Why Hath Thou Forsaken Us?

“‘There is a growing feeling among conservatives that the only way to cure the problem is for Republicans to lose the Congressional elections this fall,’ said Richard Viguerie, a conservative direct-mail pioneer.” More trouble for the GOP: The Christian Right looks ready to desert the party in 2006 unless “Congress does more to oppose same-sex marriage, obscenity and abortion.” “‘I can’t tell you how much anger there is at the Republican leadership,’ Mr. Viguerie said. ‘I have never seen anything like it.’” And November’s perfect storm blows stronger…

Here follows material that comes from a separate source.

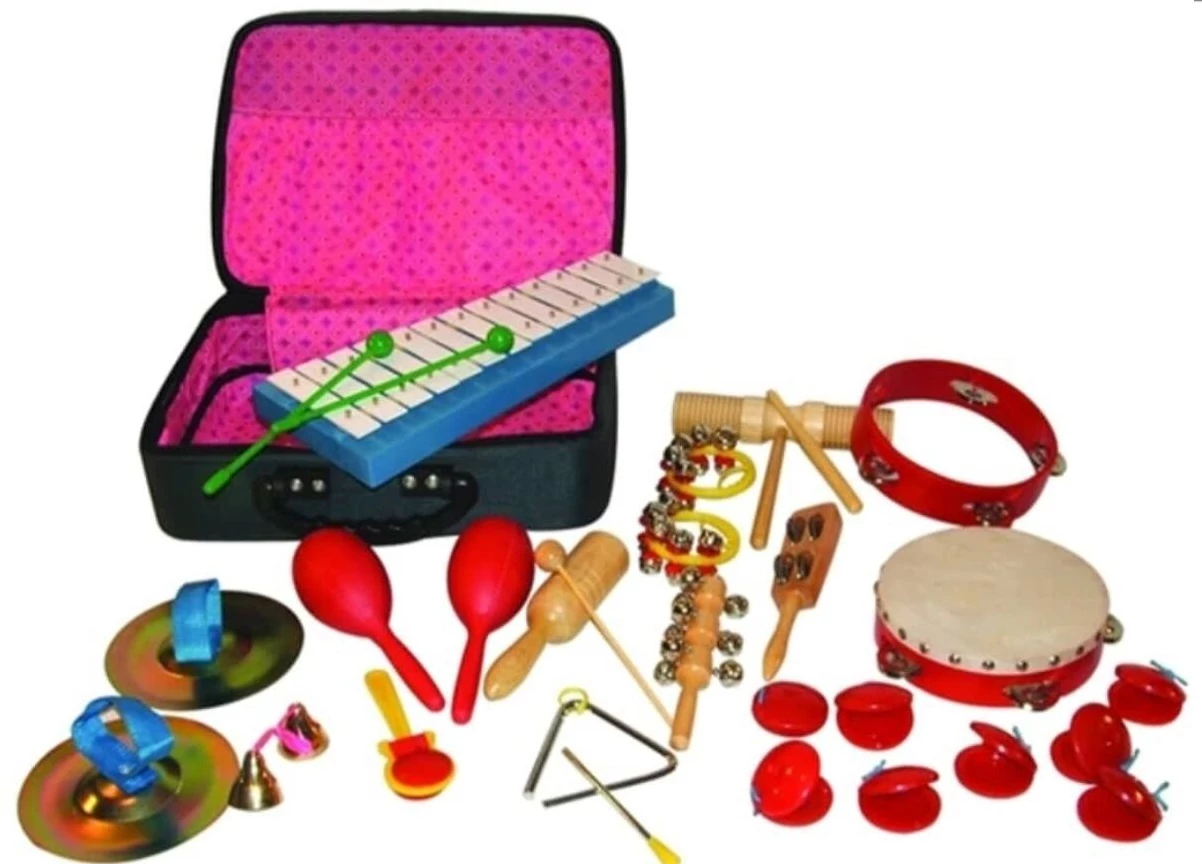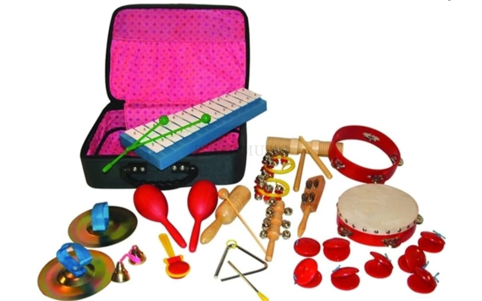 A készlet tartalma: triangulum, 2 oktávos metalofon, 1 pár maracas, 1 pár cintányér
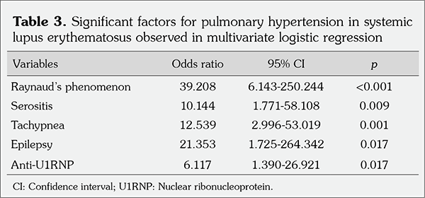 Several researchers presented that disease duration, Raynaud’s phenomenon, pleuritis, positive anti-U1RNP antibody, positive anti-SSA antibody, and positive anti-cardiolipin antibodies are independent predictors of PH in SLE.(15,21) We found that tachypnea, which has been rarely investigated, is an important marker relevant to PH in SLE. Dyspnea is one of the cardinal clinical manifestations of PH. No difference in dyspnea percentage was observed between idiopathic PAH and SLE-APAH.(30) Considering the exclusion of the lung and heart diseases affecting pulmonary artery pressure in our study, tachypnea was considered as an excellent indicator of SLE- associated PH that consumes short time and is assessed and observed easily in the early phase.

Where there’s smoke, there’s fire.

This is certainly not the first time that politics has trumped science at the FDA. Another recent example: the agency’s decision to block over-the-counter availability for emergency contraceptives in the face of overwhelming evidence that the treatment is safe and effective…From my standpoint as a doctor, the question is this: What do you do when federal agencies become so politicized that their recommendations can’t necessarily be trusted?” In Slate, pediatrician Sydney Spiesel begins to doubt the FDA’s credibility these days, particularly after their recent and apparently blatantly political decision against medicinal marijuana. “Marijuana as a medicine — whatever its risk and benefits are eventually determined to be — may turn out to be much less important than the question of whether we can count on agencies like the FDA to be honest in their dealings.

Dakota goes South.

Something wicked this way comes: Bucking to challenge Roe v. Wade in the Roberts court, the pro-life South Dakota legislature pass a bill outlawing abortion (with no exceptions therein for rape, incest, or non-fatal threats to the mother’s health), and it seems pro-life Gov. Mike Rounds will sign it. On the bright side, even many pro-lifers doubt the Dakota bill will pass constitutional muster — “‘If you’re just reading the law as it stands now, South Dakota’s law doesn’t really stand any chance under Roe or Casey . I have to agree with those who think it’s remote,’ said Chuck Donovan, executive vice president of the Family Research Council and a former lobbyist for the National Right to Life Committee.Update: Mississippi follows suit.

The Sam Alito Show.

Didn’t we just do this? Well, regardless, the Senate Confirmation hearings for Sam Alito are now underway. Given his dubious paper trail, his conflict-of-interest on the books, the recent disclosures about Dubya’s imperial pretensions and the possibility of a Dem filibuster, Sam “Scalito” Alito looks to have a tougher road ahead than John Roberts. But, who among the GOP, other than possibly Arlen Specter, might vote against him? Barring a Borkish meltdown before the Senate Judiciary, or, unlikelier still, an uprising over the issue of presidential power, I’d be surprised (but not at all dismayed) if Alito isn’t nominated to the bench, particularly with the public (slightly) behind him. That being said, having freakshow GOP pro-lifers like Sam Brownback and Tom Coburn froth at the mouth over Roe v. Wade probably isn’t doing Alito any favors in the court of public opinion. Update: Alito’s opening statement: Aw shucks, I’m just a humble, regular, working-class guy from Jersey, and in no way a scary conservative (although I do really dislike 60’s liberals.) Update 2: Slate‘s Dahlia Lithwick weighs in.

Scalito on the march.

“What can be made of this opportunity to advance the goals of bringing about the eventual overruling of Roe v. Wade and, in the meantime, of mitigating its effects?” He may be on the political back-burner until next month; nevertheless, Sam Alito’s nomination grows increasingly troubling, with word of another rabidly pro-life paper trail in his past which, like his conflicts of interest, he has heretofore failed to disclose.